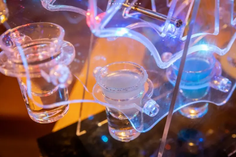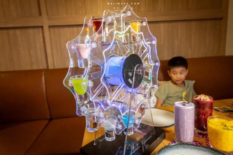 這個摩天輪厲害了,第一天晚上就開喝。裡面一共有12種不同種類的調酒、跟純飲,服務人員說這一輪喝完很少有人可以直走的回房間。
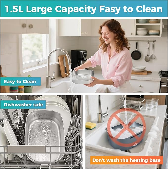 - ✨【Easy to Clean】:The detachable stainless - steel container,fork,spoon,and plastic compartments of this heating lunch box are dishwasher - safe,saving you time and effort in your busy life.PS:Please keep the heating base away from water to prevent short - circuits.Wipe it with neutral soapy water
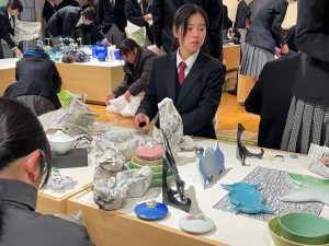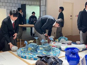 明けた1月26日(月)は搬出日です。搬入のとき同様、ホームを終えたセラミック科とデザイン科の3年生は氷点下の道のりを、一路会場の九州陶磁文化館へ向かいます。飾付けに比べると時間はかからない撤収作業ですが、来た時よりも美しくをモットーに、てきぱきと作品を梱包したあとは展示台や机を元の場所に収納しました。電気科は、班ごとに時間をずらして撤収にあたりました。何かとお気遣いいただいた九州陶磁文化館のスタッフの皆さまにも改めて感謝申し上げます。

TASK STATEMENT: Could you write out every line above exactly as it stands, with no images?

SOLUTION TO THIS PROBLEM:
 這個摩天輪厲害了,第一天晚上就開喝。裡面一共有12種不同種類的調酒、跟純飲,服務人員說這一輪喝完很少有人可以直走的回房間。
 - ✨【Easy to Clean】:The detachable stainless - steel container,fork,spoon,and plastic compartments of this heating lunch box are dishwasher - safe,saving you time and effort in your busy life.PS:Please keep the heating base away from water to prevent short - circuits.Wipe it with neutral soapy water
 明けた1月26日(月)は搬出日です。搬入のとき同様、ホームを終えたセラミック科とデザイン科の3年生は氷点下の道のりを、一路会場の九州陶磁文化館へ向かいます。飾付けに比べると時間はかからない撤収作業ですが、来た時よりも美しくをモットーに、てきぱきと作品を梱包したあとは展示台や机を元の場所に収納しました。電気科は、班ごとに時間をずらして撤収にあたりました。何かとお気遣いいただいた九州陶磁文化館のスタッフの皆さまにも改めて感謝申し上げます。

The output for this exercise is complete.